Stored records
=====

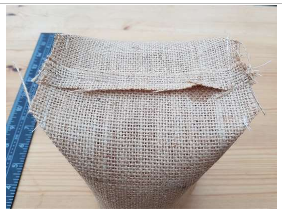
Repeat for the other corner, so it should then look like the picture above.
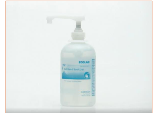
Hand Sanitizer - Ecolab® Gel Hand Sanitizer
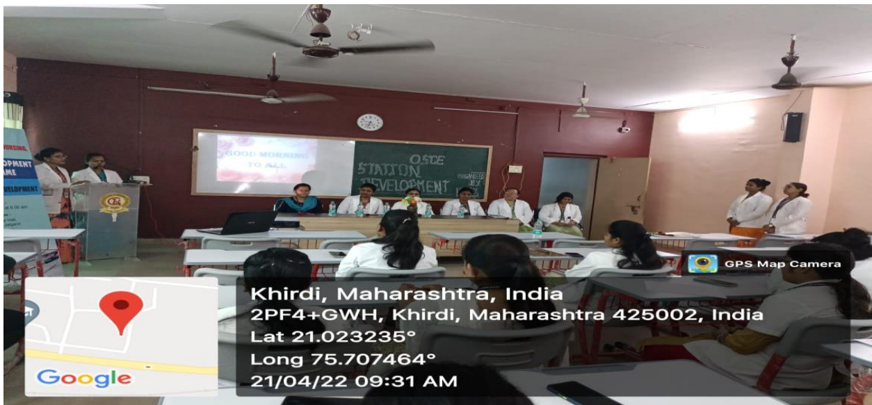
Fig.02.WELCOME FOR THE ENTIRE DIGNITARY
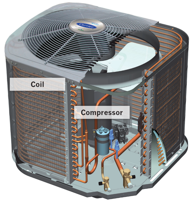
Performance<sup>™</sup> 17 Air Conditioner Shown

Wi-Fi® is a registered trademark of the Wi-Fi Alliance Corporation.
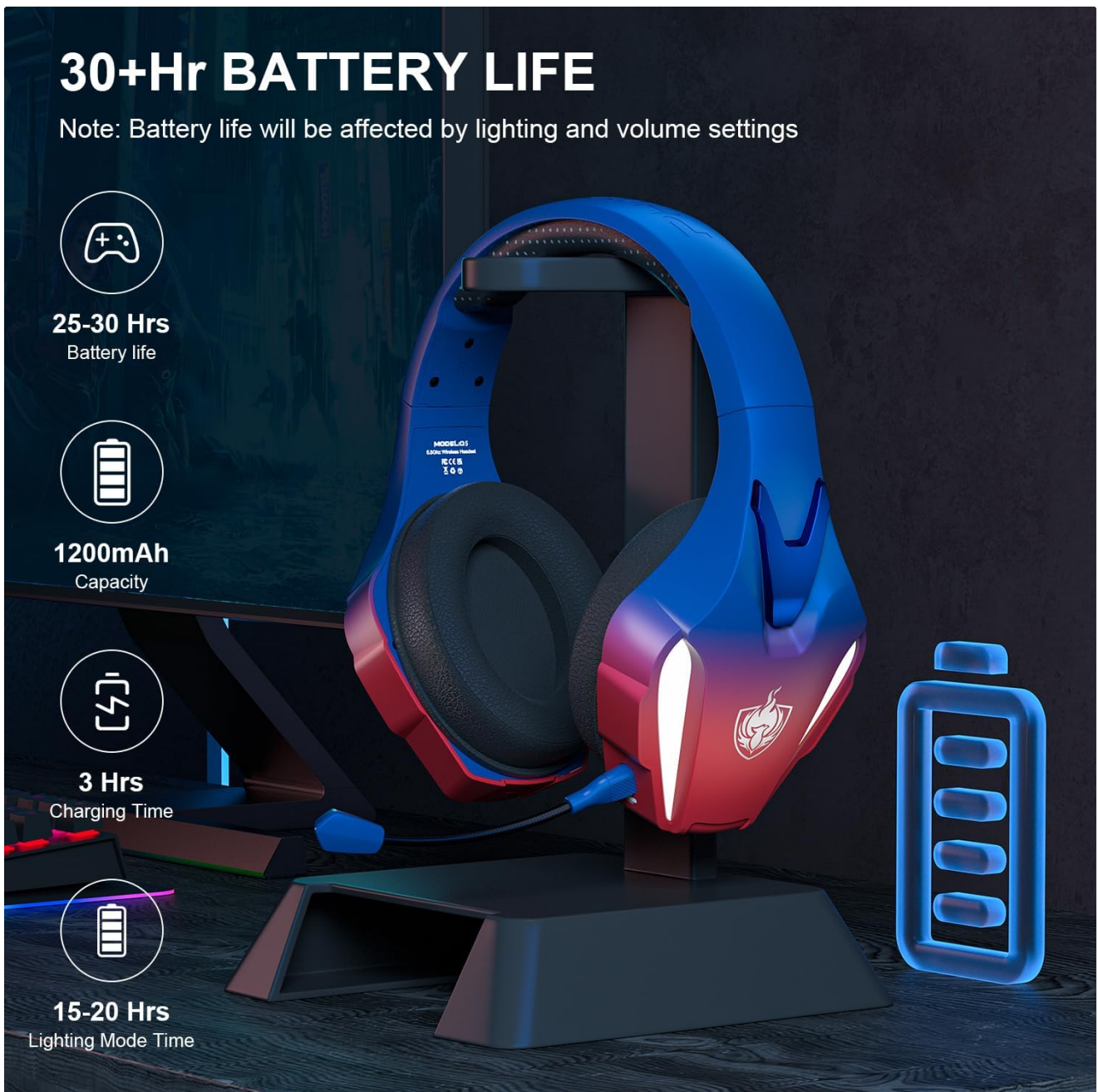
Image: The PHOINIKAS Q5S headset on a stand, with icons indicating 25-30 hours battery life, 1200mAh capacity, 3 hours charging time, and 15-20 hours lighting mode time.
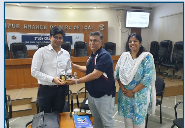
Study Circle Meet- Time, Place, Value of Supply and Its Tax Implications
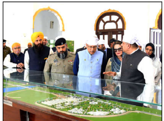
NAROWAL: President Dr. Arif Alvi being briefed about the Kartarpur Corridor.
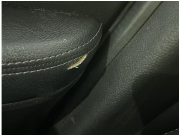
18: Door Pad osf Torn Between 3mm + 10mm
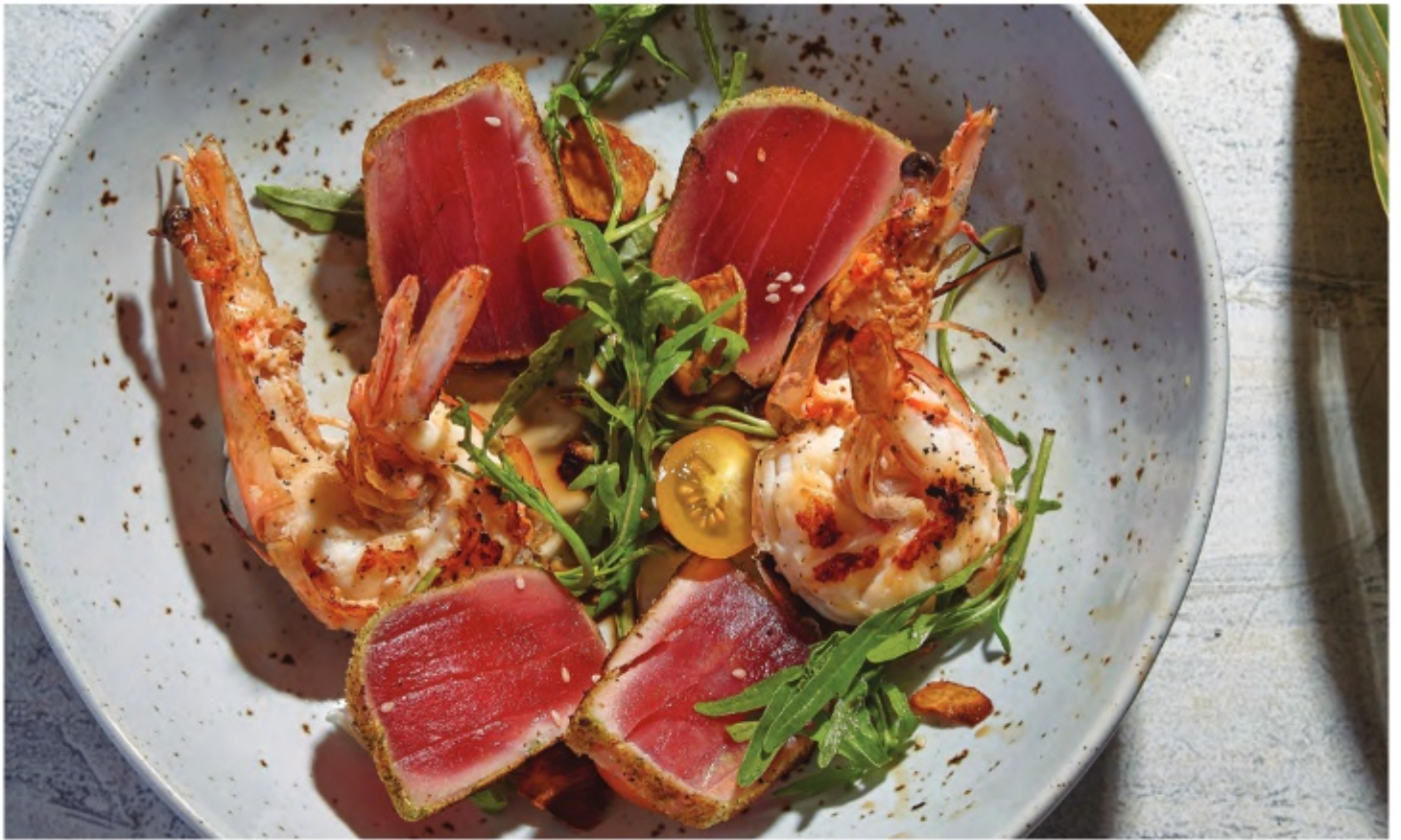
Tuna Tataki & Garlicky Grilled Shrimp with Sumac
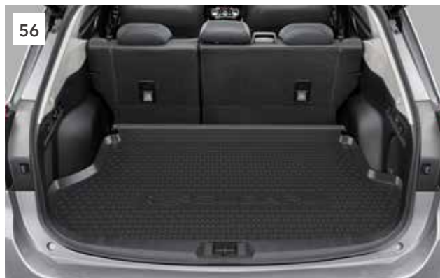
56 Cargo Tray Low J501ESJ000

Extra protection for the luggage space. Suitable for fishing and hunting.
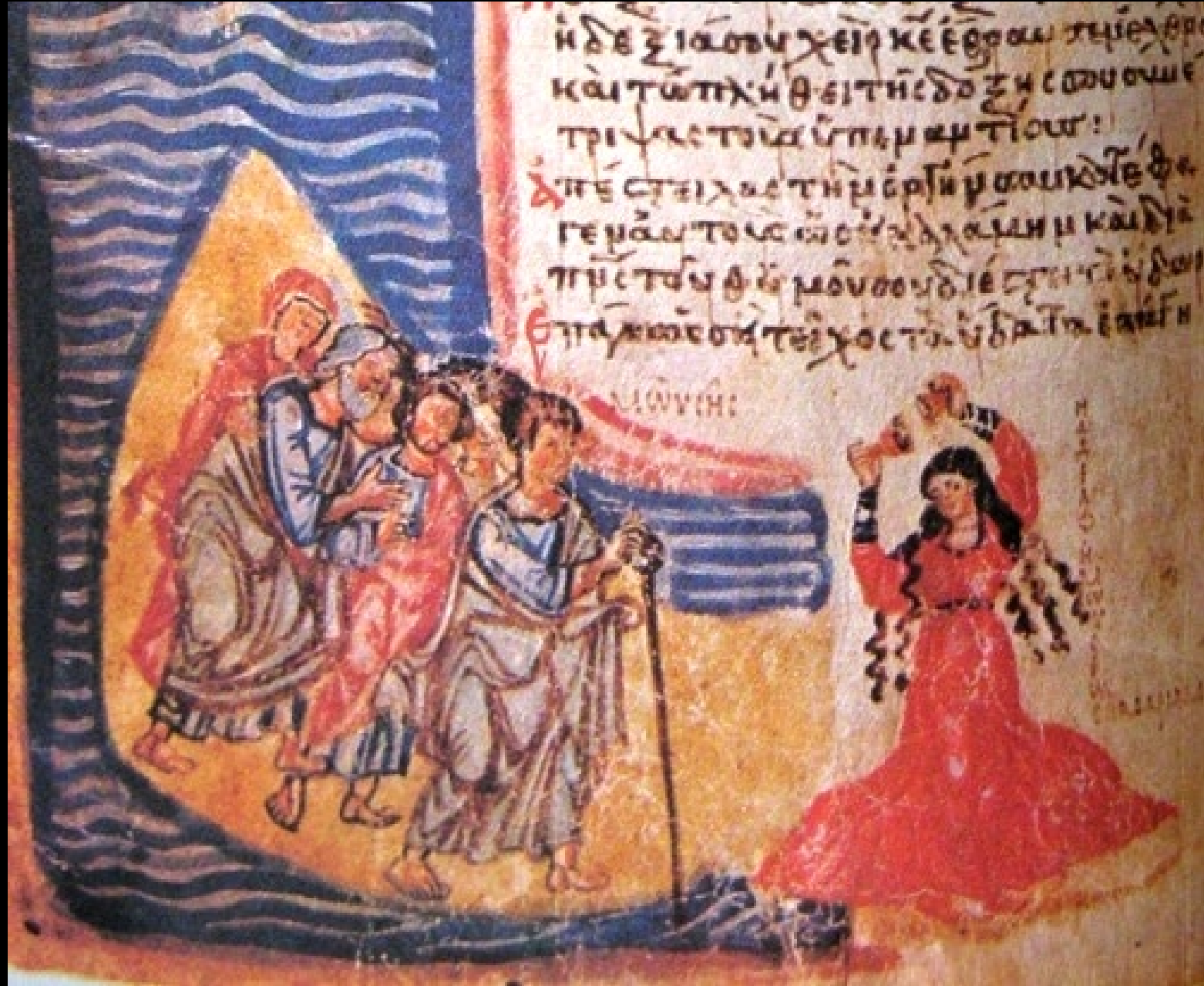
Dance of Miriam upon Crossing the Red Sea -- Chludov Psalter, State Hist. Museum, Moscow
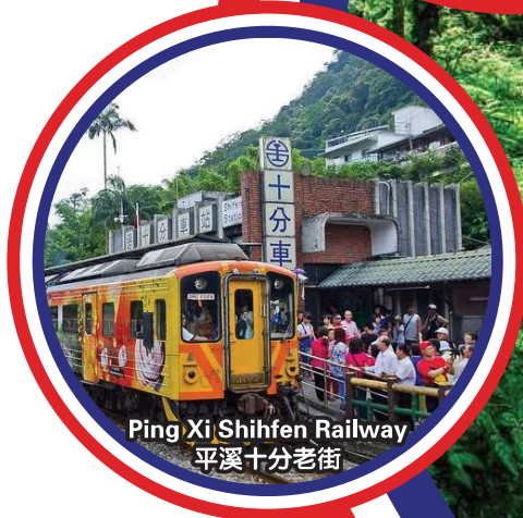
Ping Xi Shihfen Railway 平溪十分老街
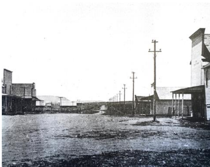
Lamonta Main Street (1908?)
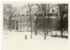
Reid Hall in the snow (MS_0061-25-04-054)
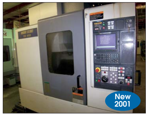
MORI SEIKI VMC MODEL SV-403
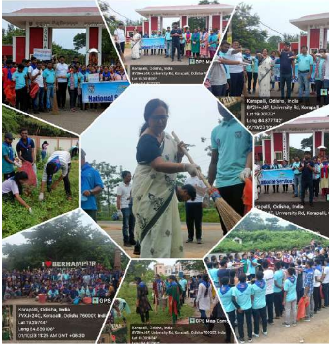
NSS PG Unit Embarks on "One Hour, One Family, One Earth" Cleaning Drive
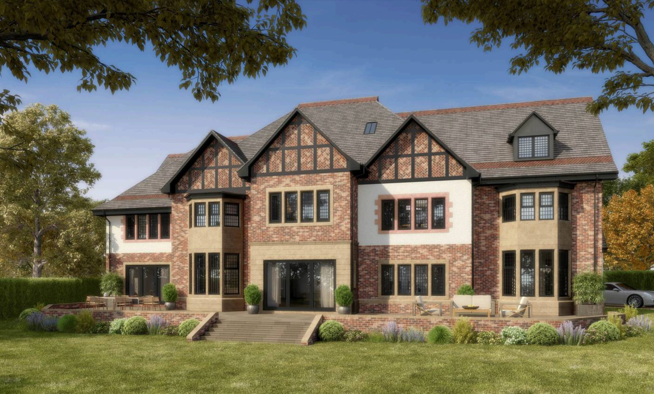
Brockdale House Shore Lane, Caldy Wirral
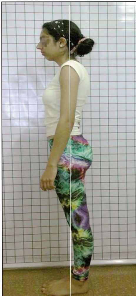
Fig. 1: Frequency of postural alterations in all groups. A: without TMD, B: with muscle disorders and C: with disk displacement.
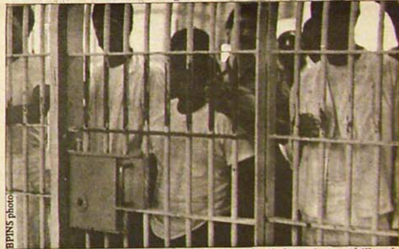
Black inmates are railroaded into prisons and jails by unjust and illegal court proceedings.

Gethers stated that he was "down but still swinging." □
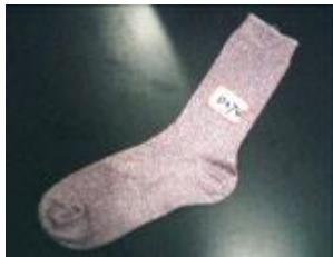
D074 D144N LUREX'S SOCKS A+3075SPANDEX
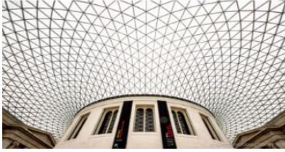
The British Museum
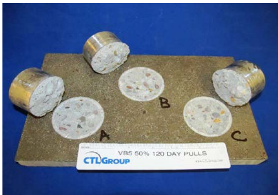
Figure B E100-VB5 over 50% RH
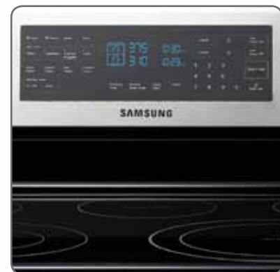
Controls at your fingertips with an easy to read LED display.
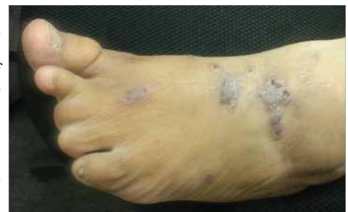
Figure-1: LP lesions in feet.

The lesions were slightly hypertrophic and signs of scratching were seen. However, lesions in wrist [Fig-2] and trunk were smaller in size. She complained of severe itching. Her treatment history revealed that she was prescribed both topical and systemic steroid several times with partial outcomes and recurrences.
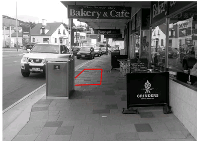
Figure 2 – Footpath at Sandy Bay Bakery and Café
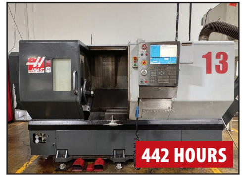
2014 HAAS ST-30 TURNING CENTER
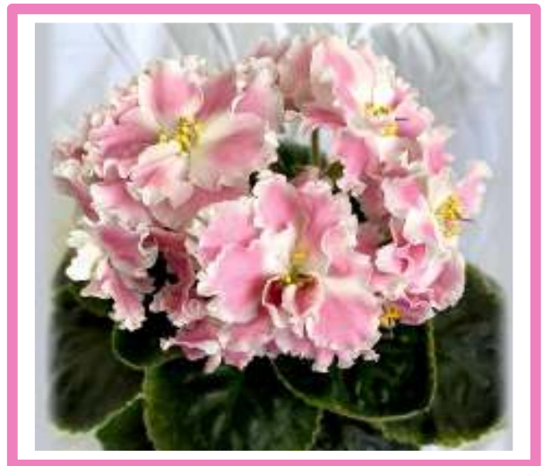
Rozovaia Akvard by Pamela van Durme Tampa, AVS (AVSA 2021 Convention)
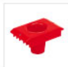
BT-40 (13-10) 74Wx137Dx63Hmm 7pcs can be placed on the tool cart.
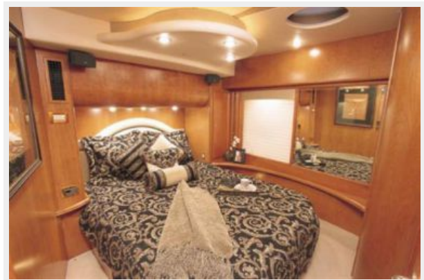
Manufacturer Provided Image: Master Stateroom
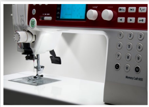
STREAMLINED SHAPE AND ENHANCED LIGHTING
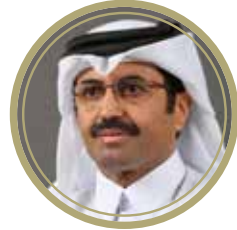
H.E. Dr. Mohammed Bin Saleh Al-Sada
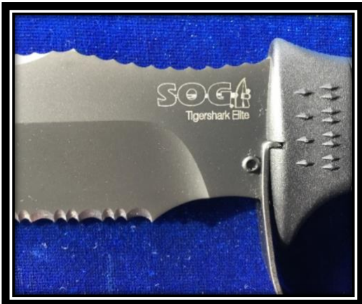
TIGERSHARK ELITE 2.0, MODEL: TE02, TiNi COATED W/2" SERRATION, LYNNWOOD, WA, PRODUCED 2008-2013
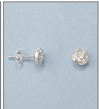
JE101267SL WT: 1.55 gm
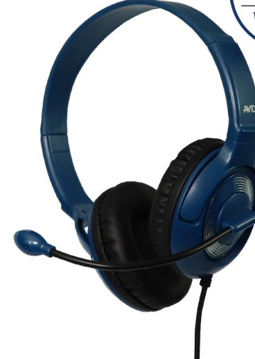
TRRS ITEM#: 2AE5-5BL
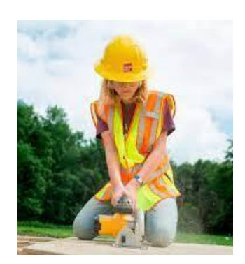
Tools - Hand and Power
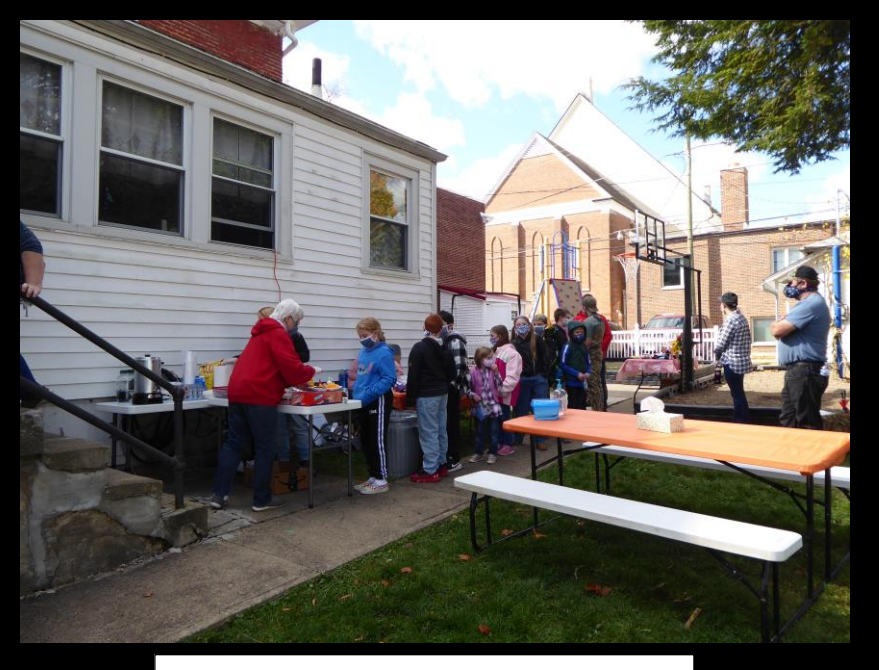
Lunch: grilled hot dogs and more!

=====

* EXERCISE DETAILS: Please give the records again word for word, omitting all images.

* WRITTEN REPLY:
Repeat for the other corner, so it should then look like the picture above.
Hand Sanitizer - Ecolab® Gel Hand Sanitizer
Fig.02.WELCOME FOR THE ENTIRE DIGNITARY
Performance<sup>™</sup> 17 Air Conditioner Shown

Wi-Fi® is a registered trademark of the Wi-Fi Alliance Corporation.
Image: The PHOINIKAS Q5S headset on a stand, with icons indicating 25-30 hours battery life, 1200mAh capacity, 3 hours charging time, and 15-20 hours lighting mode time.
Study Circle Meet- Time, Place, Value of Supply and Its Tax Implications
NAROWAL: President Dr. Arif Alvi being briefed about the Kartarpur Corridor.
18: Door Pad osf Torn Between 3mm + 10mm
Tuna Tataki & Garlicky Grilled Shrimp with Sumac
56 Cargo Tray Low J501ESJ000

Extra protection for the luggage space. Suitable for fishing and hunting.
Dance of Miriam upon Crossing the Red Sea -- Chludov Psalter, State Hist. Museum, Moscow
Ping Xi Shihfen Railway 平溪十分老街
Lamonta Main Street (1908?)
Reid Hall in the snow (MS_0061-25-04-054)
MORI SEIKI VMC MODEL SV-403
NSS PG Unit Embarks on "One Hour, One Family, One Earth" Cleaning Drive
Brockdale House Shore Lane, Caldy Wirral
Fig. 1: Frequency of postural alterations in all groups. A: without TMD, B: with muscle disorders and C: with disk displacement.
Black inmates are railroaded into prisons and jails by unjust and illegal court proceedings.

Gethers stated that he was "down but still swinging." □
D074 D144N LUREX'S SOCKS A+3075SPANDEX
The British Museum
Figure B E100-VB5 over 50% RH
Controls at your fingertips with an easy to read LED display.
Figure-1: LP lesions in feet.

The lesions were slightly hypertrophic and signs of scratching were seen. However, lesions in wrist [Fig-2] and trunk were smaller in size. She complained of severe itching. Her treatment history revealed that she was prescribed both topical and systemic steroid several times with partial outcomes and recurrences.
Figure 2 – Footpath at Sandy Bay Bakery and Café
2014 HAAS ST-30 TURNING CENTER
Rozovaia Akvard by Pamela van Durme Tampa, AVS (AVSA 2021 Convention)
BT-40 (13-10) 74Wx137Dx63Hmm 7pcs can be placed on the tool cart.
Manufacturer Provided Image: Master Stateroom
STREAMLINED SHAPE AND ENHANCED LIGHTING
H.E. Dr. Mohammed Bin Saleh Al-Sada
TIGERSHARK ELITE 2.0, MODEL: TE02, TiNi COATED W/2" SERRATION, LYNNWOOD, WA, PRODUCED 2008-2013
JE101267SL WT: 1.55 gm
TRRS ITEM#: 2AE5-5BL
Tools - Hand and Power
Lunch: grilled hot dogs and more!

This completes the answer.